The appraisal of individual abatement projects has to be distinguished from the task of designing
an optimal policy response to global warming. Our model does not deal with this latter question,
and the figures provided give therefore only little, if any indication of the socially optimal carbon
tax. Calculating a socially optimal emissions trajectory would require the use of an optimal
control model like CETA or DICE, and both models provide a first assessment as to what the
optimal emissions trajectory might be (see Peck and Teisberg, 1992, 1993a, b; Nordhaus, 1992,
1993a, b; Cline, 1992b).
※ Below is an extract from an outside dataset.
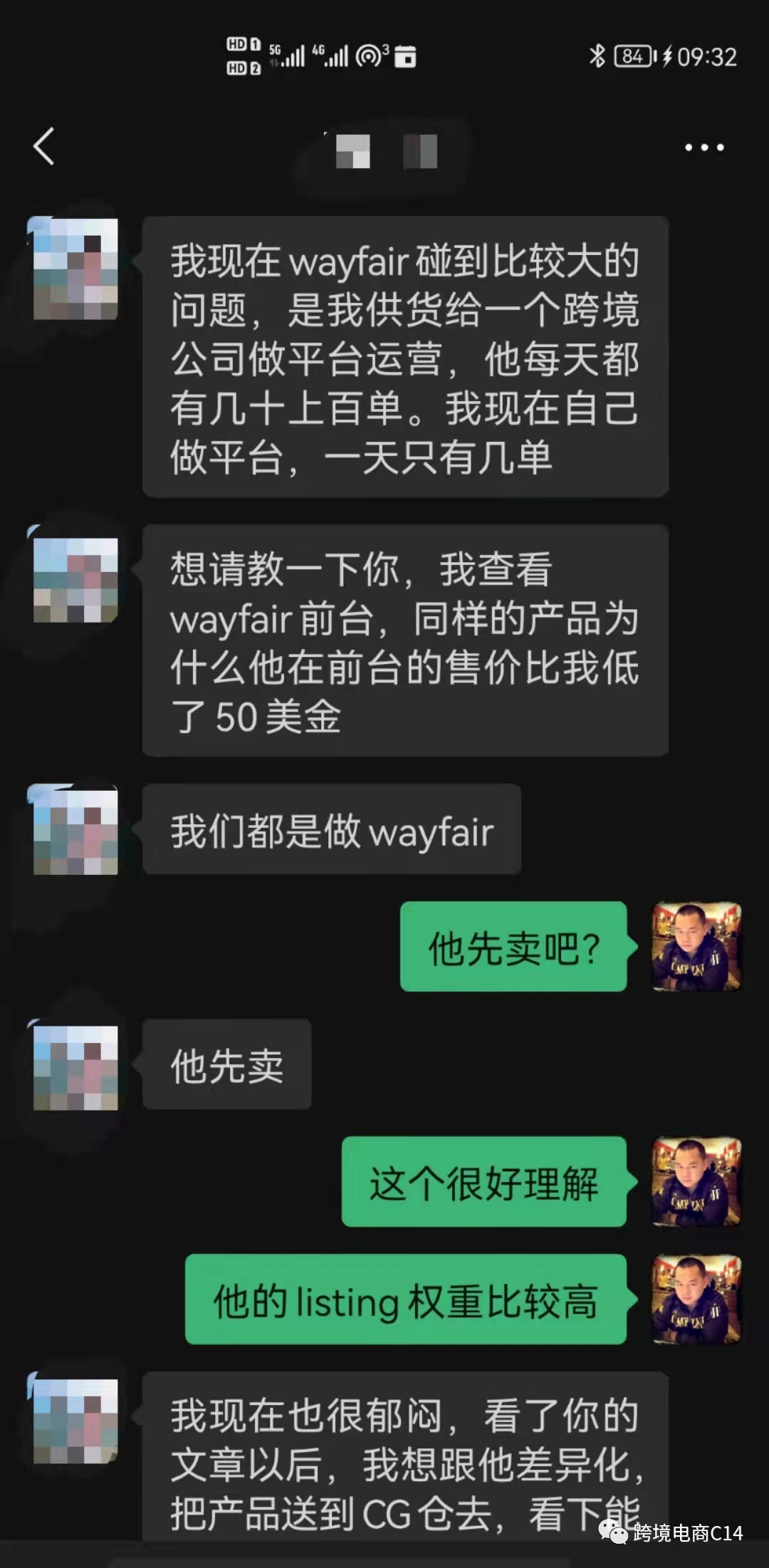 👆这个卖家本身自己是工厂,供货给另外一个wayfair卖家。然后看跟自己拿货的客户wayfair卖的不错,一天有几十单(大件,高客单价),自己也在wayfair卖同样的产品。(这个行为其实无可厚非,很多工厂看到自己客户亚马逊或者wayfair卖的好都会自己也开个账户卖)。但是自己作为工厂反而卖的很少,一天只有几单。而且一样的产品,对方的前台零售价比他要低50美金,批发价的话,工厂不会高于跟自己拿货的客户。

However, not least because they are based on non-random
parameters, neither model offers a fully satisfactory approach to the uncertainty issue,
particularly with respect to low risk/high impact outcomes. This is underlined by the fact that
optimal trajectories differ considerably between scenarios. What is needed is a model which
directly incorporates uncertainty, rather than working with scenarios. To our knowledge no such
model exists at present. Further research efforts should thus be made in two directions: Firstly
into projects aiming at reducing existing greenhouse uncertainties, and secondly into projects
evaluating the optimal policy in the light of them.